My values color my view of the study subjects. My subjects are teachers. But these teachers, most modern teachers in the U.S. traditional public systems, have experienced an increased administrative oversight for the last thirty years. The history of American Education has been a pendulum between hypervigilant administrative oversight that allowed educators little freedom in their curriculum and methods on one side and the ideal of the professional teacher who is in touch with their students and the pedagogy to reach them on the other. Since the 1983 publication of A Nation at Risk, teachers have been subject to every encroaching administrative oversight, homogenizing curriculum, objectives, methods and procedures. My own personal value system sees this ever tightening homogeneity as a detriment to education, stifling the ideas of teachers and stepping on their rapport with students.
As the regulations become more draconian, teachers are struggling to meet the requirements of the latest rounds of regulations and standards while maintaining their own standards of excellence in instruction and facilitating learning. Where teachers previously shared ideas and methods with the other teachers within their school and system, the modern age of digital communication and social networking has allowed this dissemination of teacher content and pedagogical to spread across the nation and the globe.

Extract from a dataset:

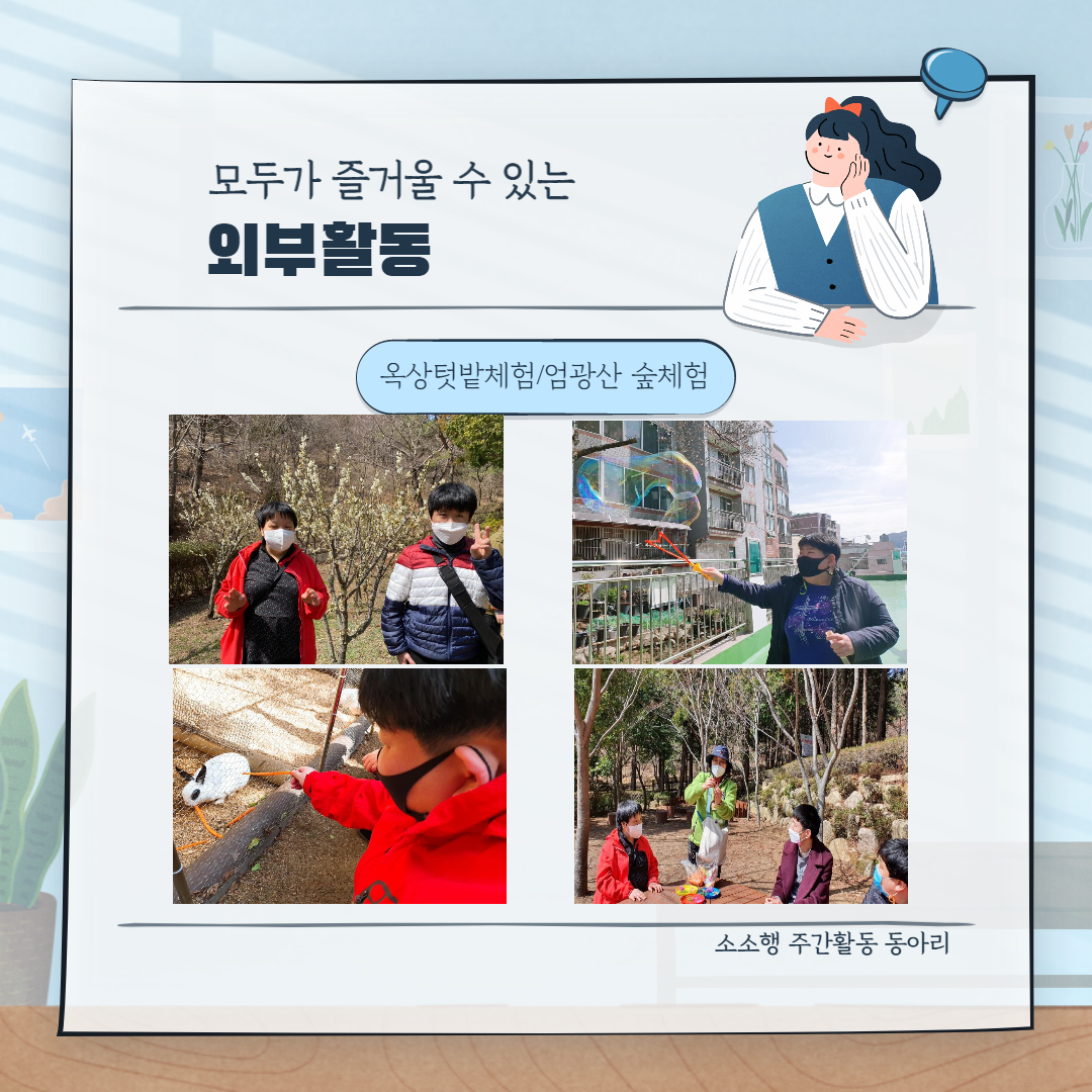 이용자분들이 함께 즐길 수 있는 외부활동인 숲체험과 옥상에서 즐길 수 있는 비눗방울놀이 등을 진행하여보았습니다!

So how does this digital network of educators function? What do teachers actually take away from their experiences on networks like Twitter, the defacto social network for online interaction between educators? Is it actual professional knowledge or moral support? How much of what goes on is talking shop with other like minded educators and how much of what is discussed is actually implemented in class?
These teachers also seem to be organizing with political motives, active on all sides of the political debate over education reform. For some it is a soapbox, for others a debate platform, while other groups use the platform for grassroots organization of educators. What results come from these political uses of the platform? Is Twitter an amplifier for a few voices or do the educator interactions on Twitter result in actual policy change?
These are the questions and concerns I have as I start the research. Now it is time to see how they evolve.